Currently, a lack of interoperability has required the use of custom electronic interfaces between systems. As the Health Resources and Services Administration (HRSA) notes, these one-off solutions are costly and have prompted healthcare organizations and providers to make use of health information exchanges (HIEs) to facilitate at the most basic level the viewing of patient health data in a centralized location.

In the first draft of its interoperability roadmap, the Office of the National Coordinator for Health Information Technology (ONC) describes the present-day state of interoperability across the country.

"Electronic health information is not sufficiently structured or standardized and as a result is not fully computable when it is accessed or received. That is, a receiver’s system cannot entirely process, parse and/or present data for the user in meaningful and useable ways," the authors state.

The lack of interoperability is compounded by the absence of incentives available to promote robust data exchange and abundance of interpretations of existing rules and regulations for health information sharing.

To address the situation, the ONC has identified four high-priority areas its plan will address in the near term, specifically the need to:

establish coordinated governance framework and process for nationwide health information interoperability;

improve technical standards and implementation guidance for sharing and using a common clinical data set;

advance incentives for sharing health information according to common technical standards, starting with a common clinical data set;

clarify privacy and security requirements that enable interoperability.

At its core, interoperability is not possible without standards and specifications. As the Centers for Disease Control and Prevention (CDC) reveals in its discussion of the Public Health Information Network (PHIN), making standards and specifications confirm to federal law and regulation is a significant challenge.

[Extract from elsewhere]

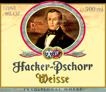 Gold Medal - 1995 World Beer Championship. The authentic Munich hefe-weizen (unfiltered wheat beer), Hacker-Pschorr Weisse is brewed with 60% wheat, 40% barley. Using top-fermenting yeast, it is then slowly lagered and remains unfiltered throughout the finish. High in effervescence, with its traditional wheat haze, Hacker-Pschorr Weisse is light and fruity, always refreshing.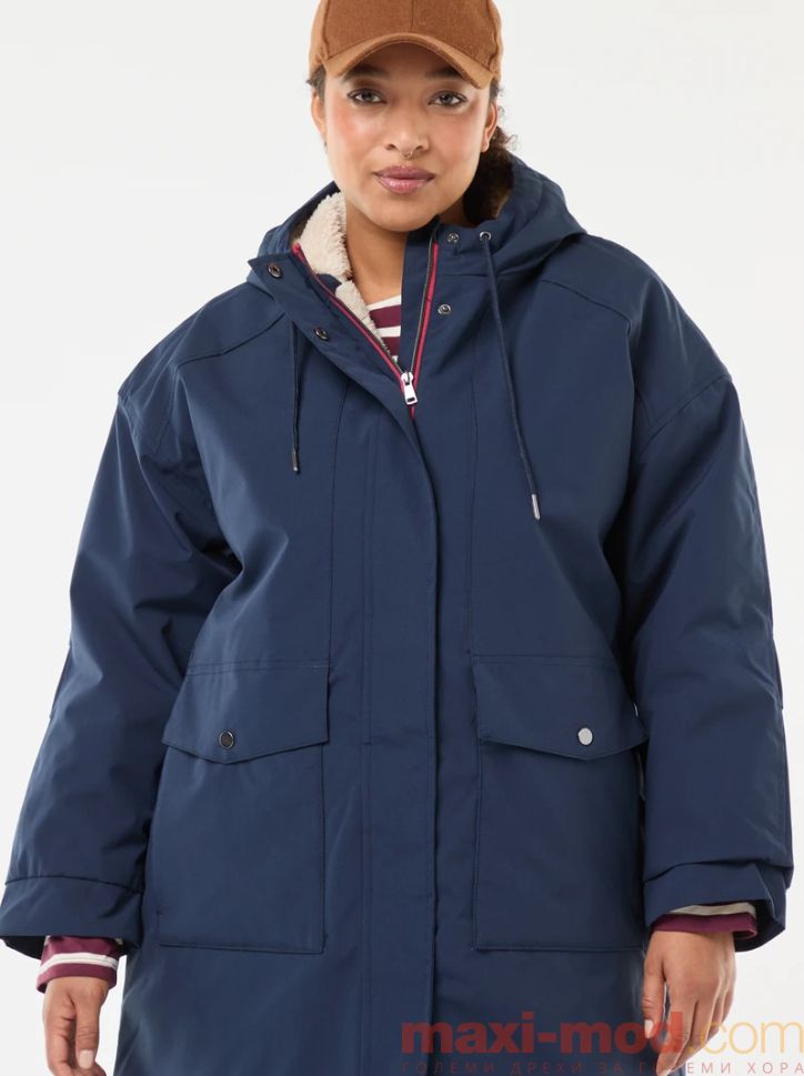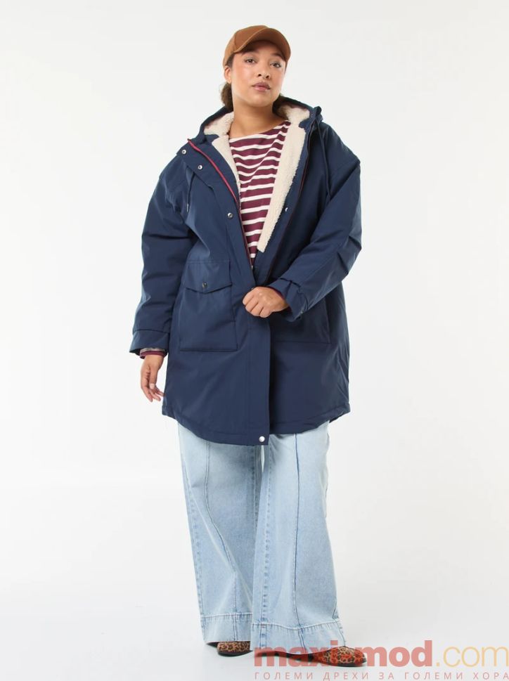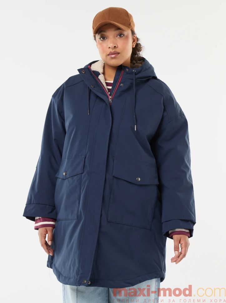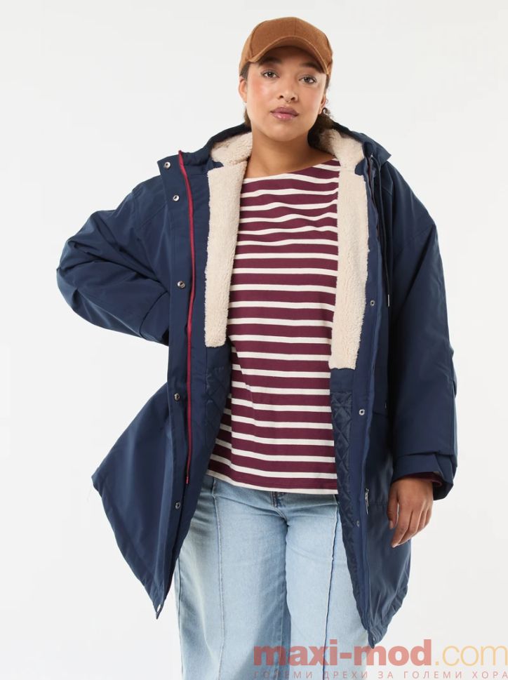 Голям размер дамска парка с подплата. Подходяща за ежедневието и свободното време.

Among others, the federal agency collaborates with Health Level Seven International (HL7) and Integrating the Healthcare Enterprise (IHE) to develop standards for electronic data exchange.

Similarly, the Centers for Medicare & Medicaid Services (CMS) continues to work in concert with the ONC to incentivize the exchange of health information through the EHR Incentive Programs. Meaningful use requirements require the use of certified EHR technology (CEHRT) based on standards and certification criteria set by the ONC. That being said, the earliest requirements for HIE, beginning with Stage 2 Meaningful Use, are limited to transitions of care and public health reporting.

In the context of healthcare, interoperability is its infancy and the decisions currently being made by industry stakeholders will determine when it reaches its full maturity.